Drugs became a matter of law enforcement, not public health. That still holds a century later. Attempts by doctors to change the public conversation made little headway, and those who continued to prescribe opiates to addicts as part of treatment programs were jailed. Drug use further spiked when alcohol was banned by the passage of the 18th amendment in 1919.
When prohibition was overturned by the 21st amendment in 1933, the cocktail culture that had been created in speakeasies across the nation made drinking more socially acceptable than it ever had been. As heroin had been banned in the interim, this only further served to stigmatize recreational opiate users, who were marginalized as junkies.
After the second world war, opioids – synthetic opiates – began to enter the market in greater numbers, including drugs formulated using Hydrocodone (later popularized in the 1970s as the narcotic in Vicodin) and Oxycodone (the opiate best known today as an ingredient in Oxycontin). Many doctors – knowing the risks of addiction and dependence – embraced a sort of “opiophobia”, which caused them to shy away from prescribing pain pills frequently.

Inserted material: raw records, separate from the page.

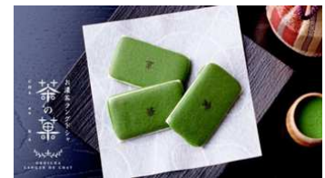
写真:参加者への手土産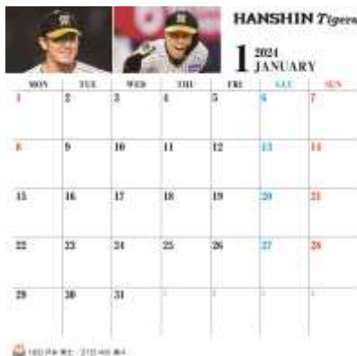
◆阪神タイガース デスクカレンダー 2024 卓上タイプ：表紙・1月表面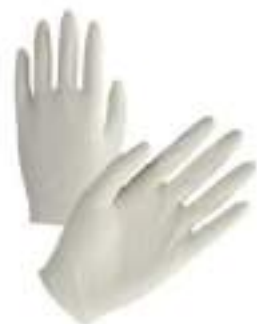
GUANTI LATTICE CONF.100 PZ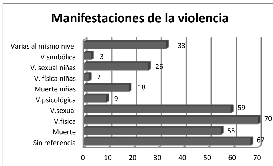
Figura 1. Manifestaciones de violencia recogidas en El País y El Mundo en los años 2000, 2004, 2008 15 .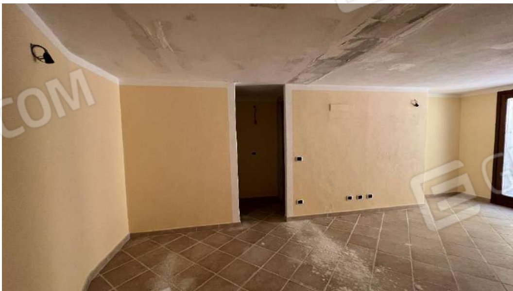
Figura 11 – Viste del subalterno 62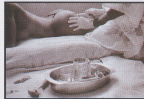
Aplicação segura de silicone em travestis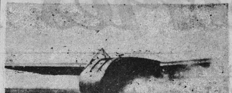
Las tropas americanas se entrenan para desembarcar de aviones veleros y entrar rápidamente en acción; nuestra foto muestra un fusilero yanqui desembarcando de un planeador y ya en posición de combate

Muebendorf y la otra, a las 14 horas, en Wetzendorf, en el cantón de Berna. Las dotaciones—diez hombres por cada aparato—han sido internadas. (Efe.)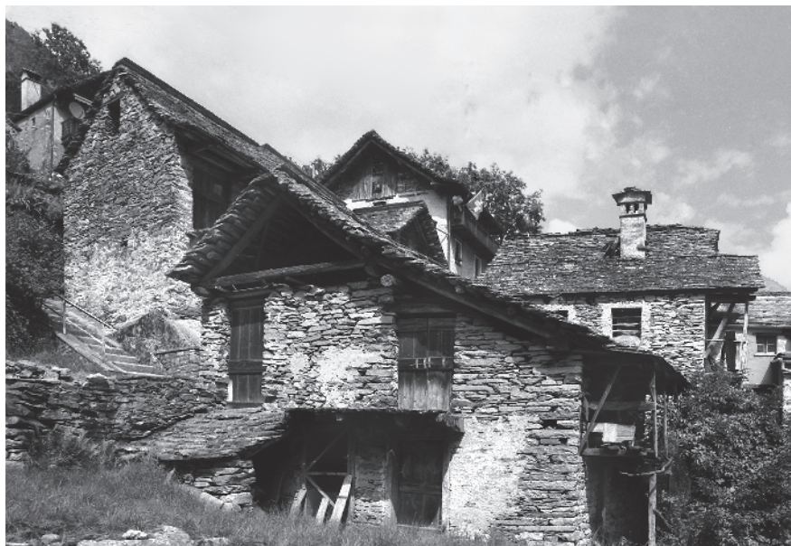
14 Parte più rustica entro il nucleo principale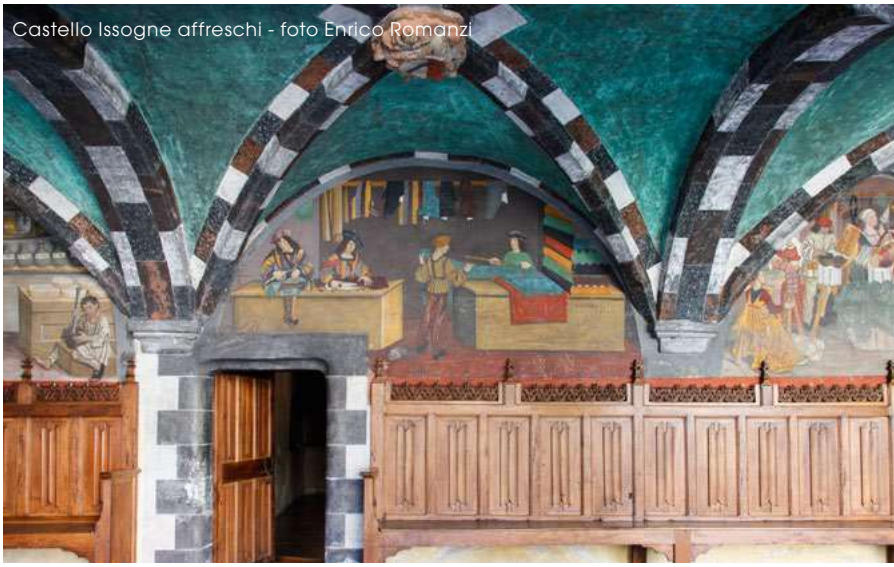
Castello Issogne affreschi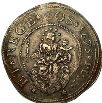
119 GENOVA. DOGI BIENNALI, 1528-1797.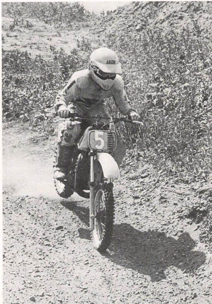
Ferieaktiviteter på Motor-cross banen ved Korskroen.

Biblioteks- og kulturforvaltningen i samarbejde med Musikskolen og Skole- og fritidsforvaltningen stod for det praktiske arrangement.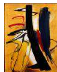
Hans Hartung T 1938-11 , 1938 102 x 80 cm Fiac 2011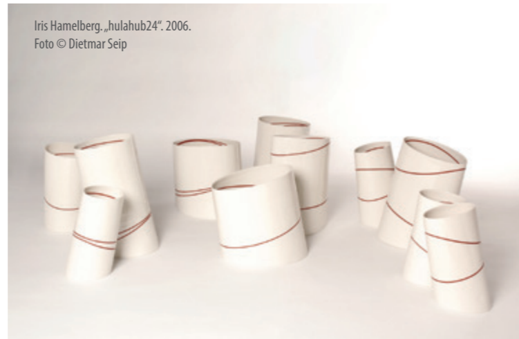
Iris Hamelberg, „hulahub24“. 2006.

Wir freuen uns, wenn Sie mitmachen und uns unterstützen!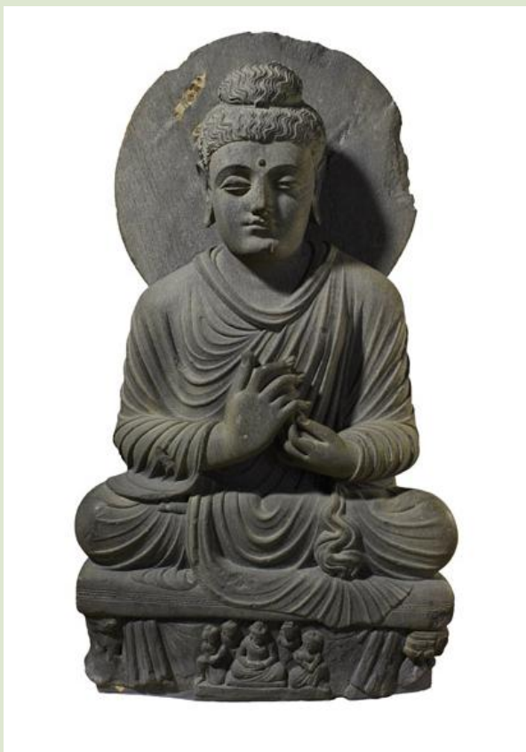
Anónimo Buda sentado de Gandhâra Pakistán, ca. siglo II-III d.C. Piedra tallada 95 x 53 x 24 cm. Museo Británico, Londres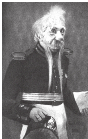
М.П. Чехов. Роль

Бриджесом и многими другими, и позволил поставить точку в его научной деятельности. Именно здесь – в Атлантикой – замыкаются все ниточки и священночеховской биографии. В обустройстве нового места помог друг всего Русского Запада – С.В. Рамнинов, он пристроил его в Голливуде. Михаил Александрович вновь стал преподавать театральное искусство. Шли годы, к нему героически приходил успех. Например, за роль доктора Брулова в кинофильме «Завороженный», которую критики окрестили просто и со вкусом, назвав «сенсационной». «Сенсация» была номинирована на «Оскар» в номинации «лучший актёр второго плана», однако кинокритики «доброжелательно», вручив её Джеймсу Динну за роль Джонни Холла в фильме «Дерево растёт в Бруклине». М.А. Чехов также номинировался на получение премии Обществ Третьей Кассы «Голубялент».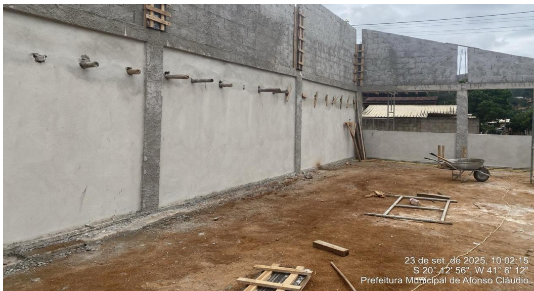
Figura 6 - Execução de Camada de Reboco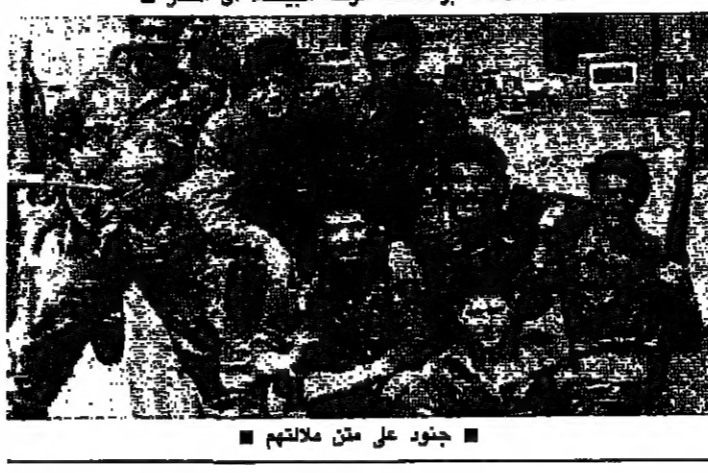
جنود على متن ملائمتهم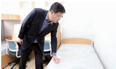
평택시 장학관 서울 수유동에 건립했습니다!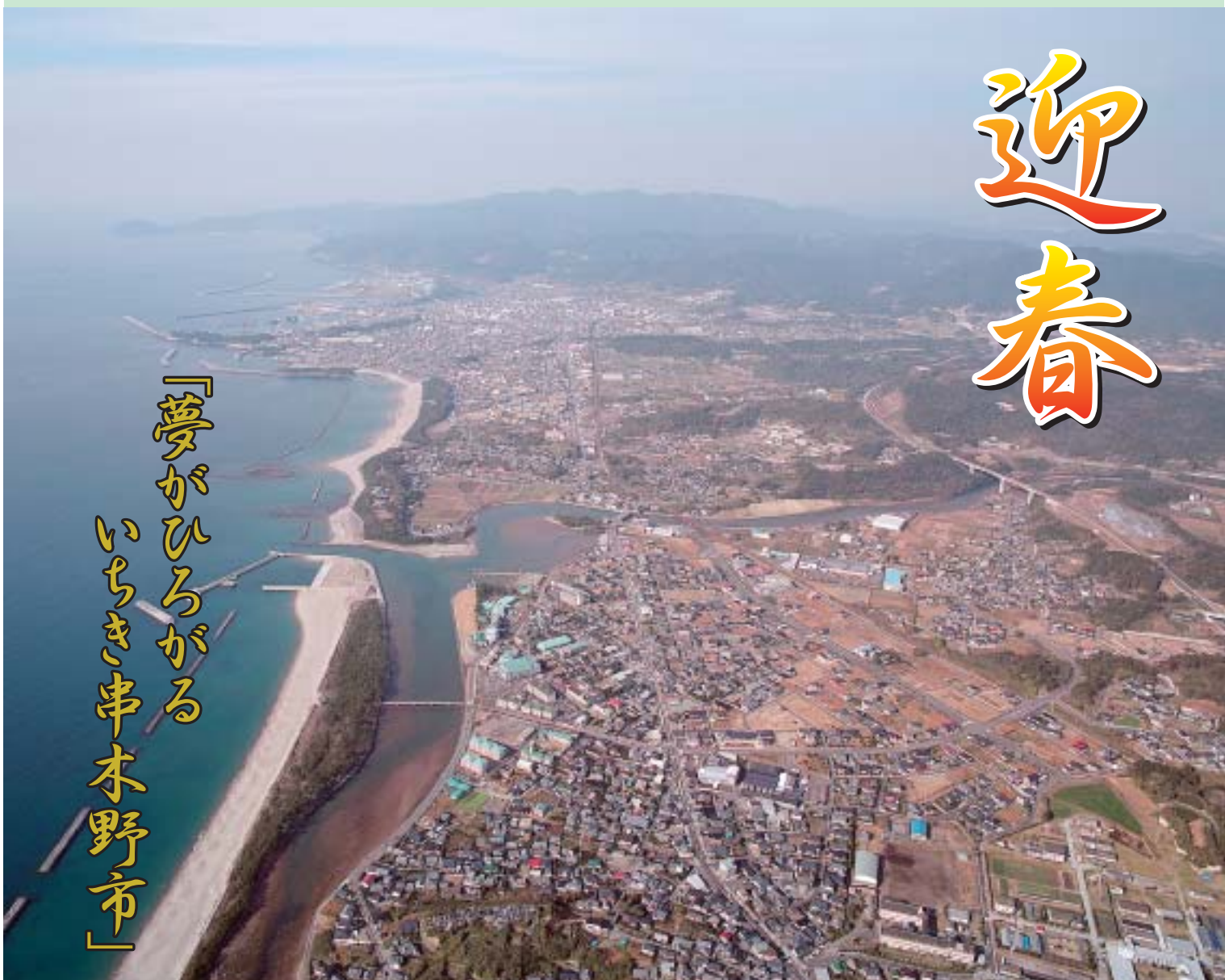
(空から見た『いちき串木野市』)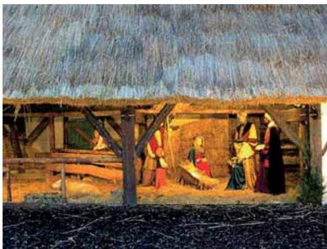
Jaslice sa figurama u veličini čovjeka

upravnog i poslovnog života – sve što je u državi vrijedilo moralo se tu pokazati. Primjer je to romantičnog srednjovjekovnog trga, gotičkog i baroknog stila gradnje. Mnogobrojnim posjetiteljima Grand Place je jako neobičan i zanimljiv. Prvo, on na središnjoj plohi nema karakterističnog kipa kao što ga imaju većina trgova glavnih gradova Europe (i naš Zagreb, naravno). To mi je bilo malo čudno – pa imaju i Belgijanci nekog zaslužnog iz povijesti da ga posebno počaste. Ono što impresionira svakog tko prvi put posjeti taj trg su palače (takve zgrade se moraju tako nazvati) koje se protežu duž svih strana trga – te su zgrade visoke dva, tri ili četiri kata, kako koja.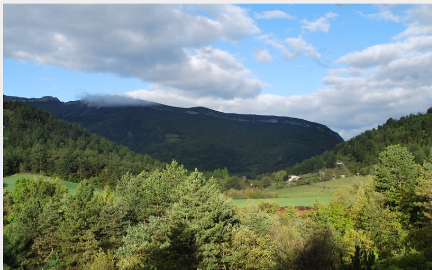
Vue sur le Rocher de Beaumont (CCSB)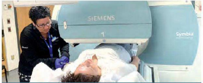
Les techniciennes en imagerie médicale veulent être traitées comme leurs consœurs.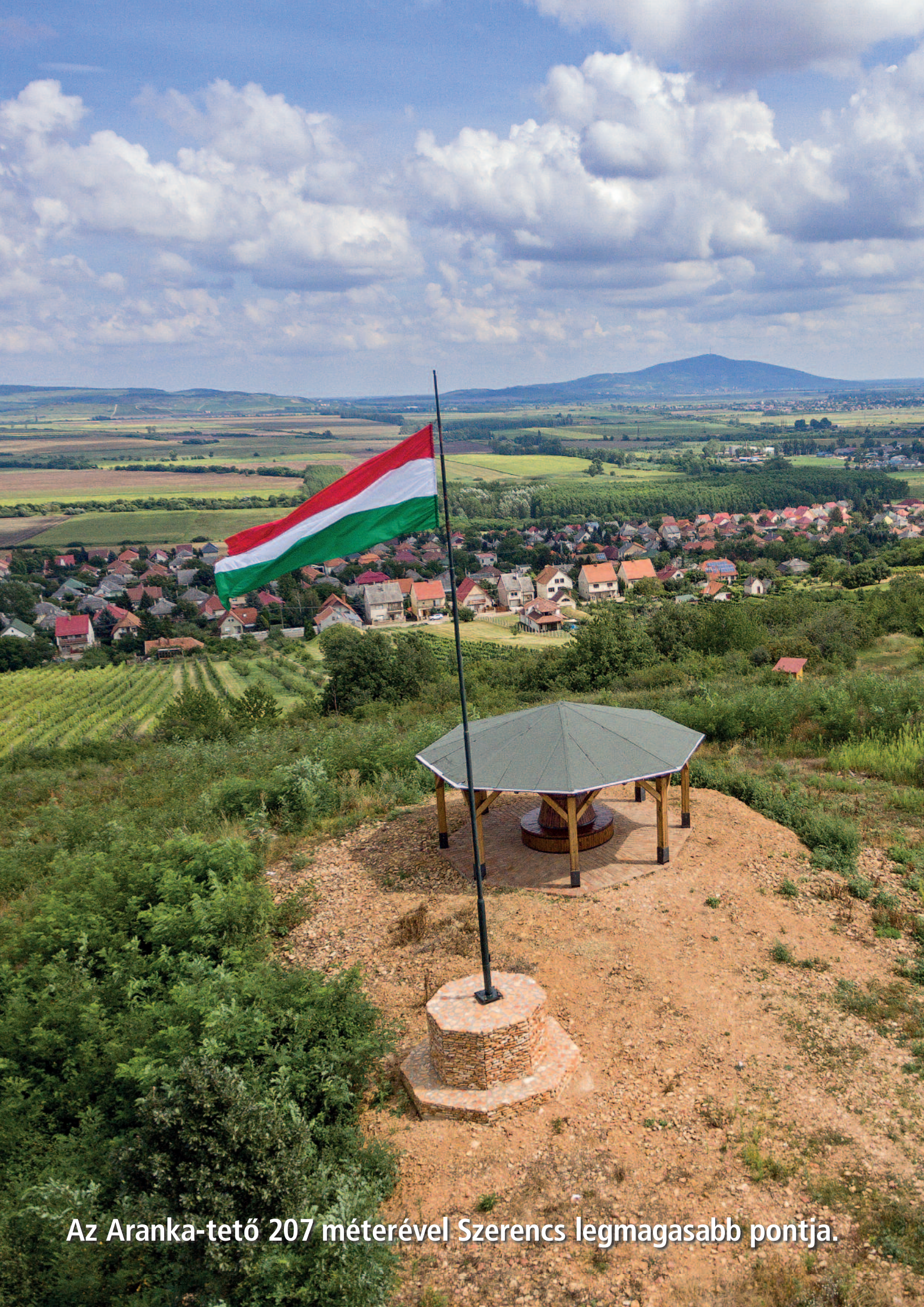
Az Aranka-tető 207 méterével Szerencs legmagasabb pontja.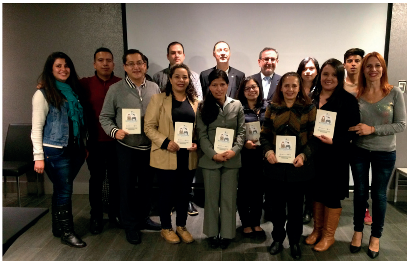
Primer Club AlumniSAUJI Internacional en Colombia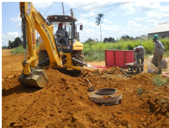
Figura - 15 – Execução de redes de água e esgoto no bairro Liberdade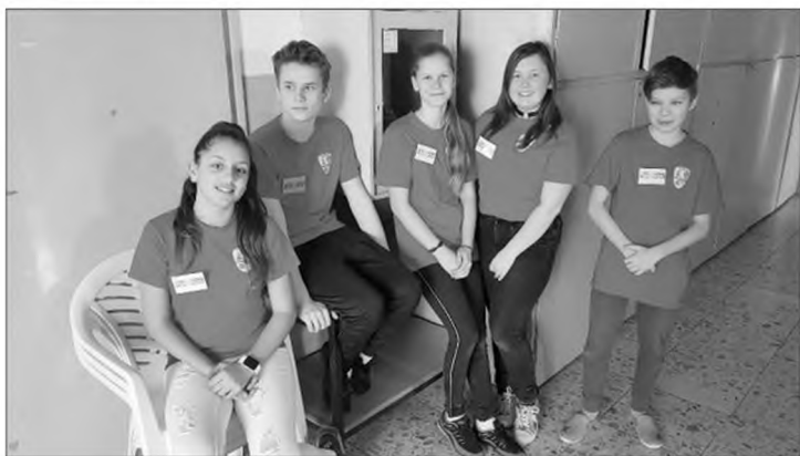
Iskolánk segítő diákjai

„Nem szeretek napvilágnál írni, a napfény éles világossága nekem túlságosan erős, éles fényt vet arra, amiről írok. Az én igazi elemem a köd, a borús vagy színes párák, az ólmos őszi eső, a hosszú téli alkonyatok és sűrű esték. A sűrű ködből csak úgy rajzanak elő a mesék, igaziak, szépek, leírni valók. „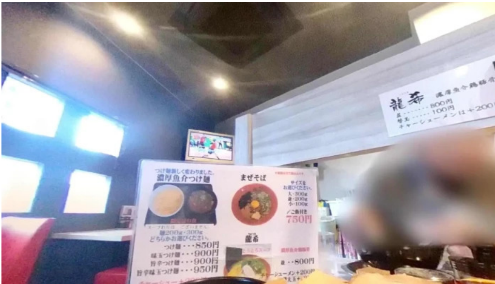
麺屋 龍仙 長岡京市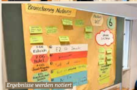
Ergebnisse werden notiert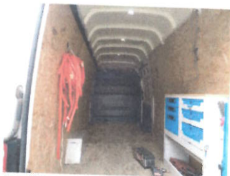
Autoutilitara Volkswagen Crafter 2 EKE2, CT-04-ELX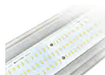
Hervorragende Wärmeableitung durch Aluminium-Leiterplatte

Geschlossenes und wasserdichtes Gehäuse (IP65), erlaubt die Reinigung mit Hochdruck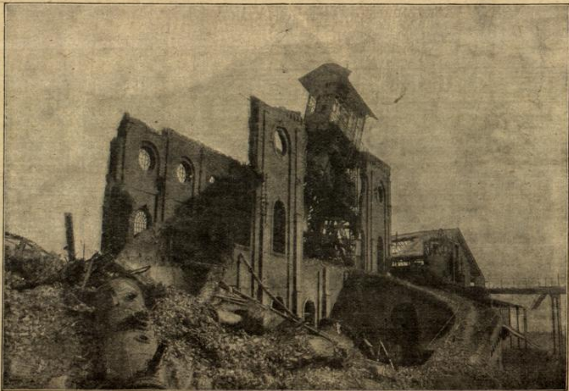
Wie die Engländer die als Konkurrenz für sie in Betracht kommenden Kohlenzechen in dem französischen Becken von Lens systematisch zusammenschleßen.

„auf möchte ich nicht sagen,“ sagte der Pfarrer, „das klingt — für deine Zukunft gar zu trostlos. Du hast Bitteres aber das menschliche besitzt die Fähigkeit, sich auf dem wieder eine aufzubauen. Welche Täuschung darf gleich ganz und glauben verlieren; daraus Gewinn kläuterter daraus n. Die Prüfungen das Schicksal über uns, müssen unsere Kraft stärken; sie sind wie den aus neu erstandenen zu geboren werden. Du darfst mit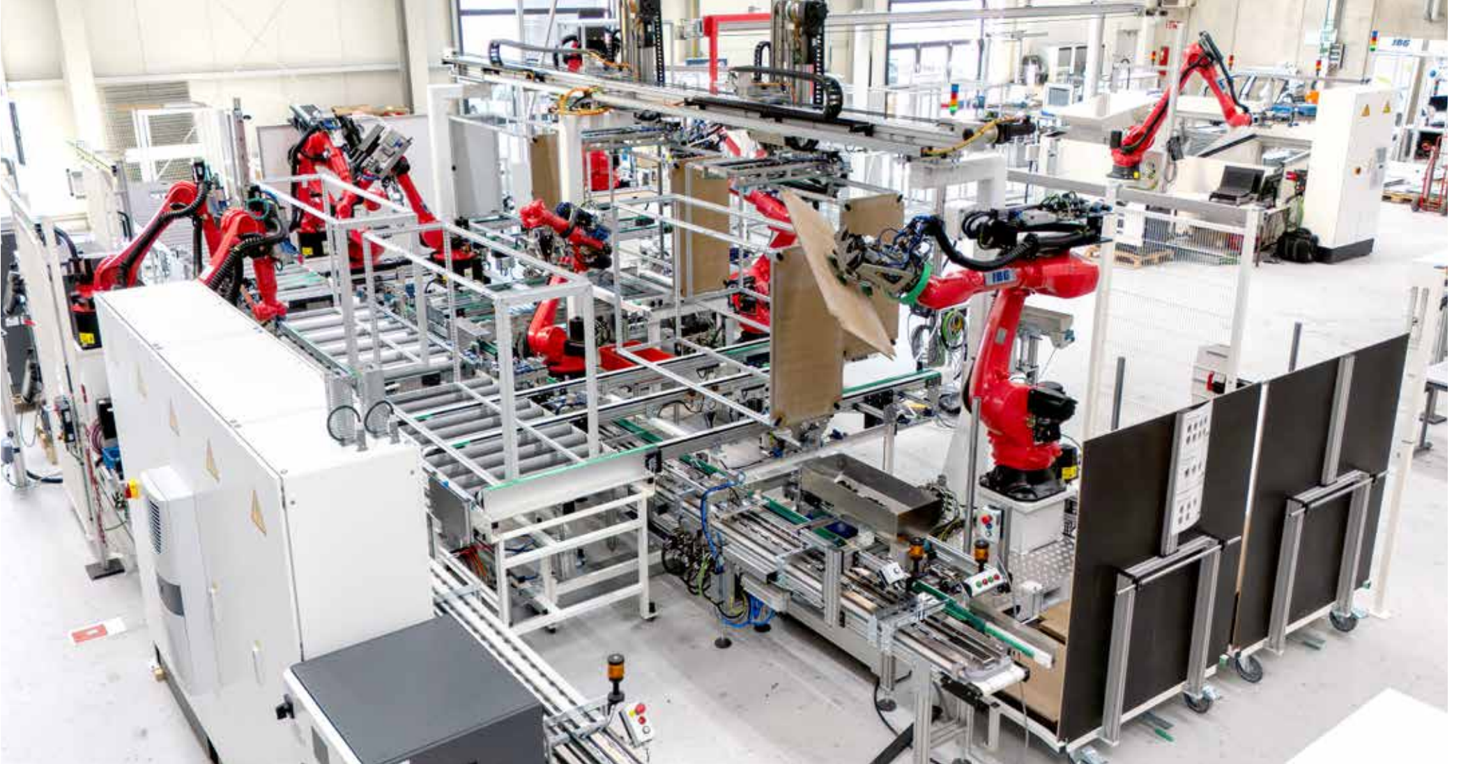
Blick auf die modernste Montagelinie für Schaltschränke mit insgesamt elf Robotern für hochkomplexe Montage- und Schraubvorgänge. View of the state-of-the-art assembly line for control cabinets with a total of eleven robots for highly complex assembly and screwdriving processes.

Ausgabe Frühjahr 2025 | Issue Spring 2025

The increase in recreational drug use in the 1960s – including a spike in heroin use by soldiers in Vietnam – gave rise to both the Controlled Substances Act in 1970 and the Drug Enforcement Agency in 1973, both of which were designed to limit access to opiates. However, as doctors became increasingly convinced that they were under-treating pain – and new opioids entered the market – prescriptions for painkillers took off.
It’s no coincidence that this move was heavily endorsed by pharmaceutical companies, which had helped fund the studies that showed that doctors were under-prescribing pain medications. Meanwhile, pharmaceutical reps aggressively lobbied physicians on the value of their pills, and as Dr Celine Gounder noted in the New Yorker: “By 2010, the United States, with about five per cent of the world’s population, was consuming ninety-nine per cent of the world’s hydrocodone”.
Today, there are medical answers to opiate addiction, but until America stops stigmatizing drug users as degenerates, those answers aren’t doing much good. Regulatory hurdles prevent many physicians from being able to prescribe buprenorphine, a medicine shown to effectively treat opioid dependence.
And the DEA has done little to stem heroin in the United States. Since heroin is cheaper than prescription opiates, it is all too easy to switch from a legal prescription to illegal street drugs. On 10 March, the Senate passed a major drug treatment and prevention bill; the question remains whether it will make it into law and, if so, if it will do any good.
Tomorrow, 44 more Americans will die from prescription painkillers, according to the Centers for Disease Control and Prevention. And if history is any indication, attempting to legislate an illness away will do little other than force addicts to search for yet another way to find their fix.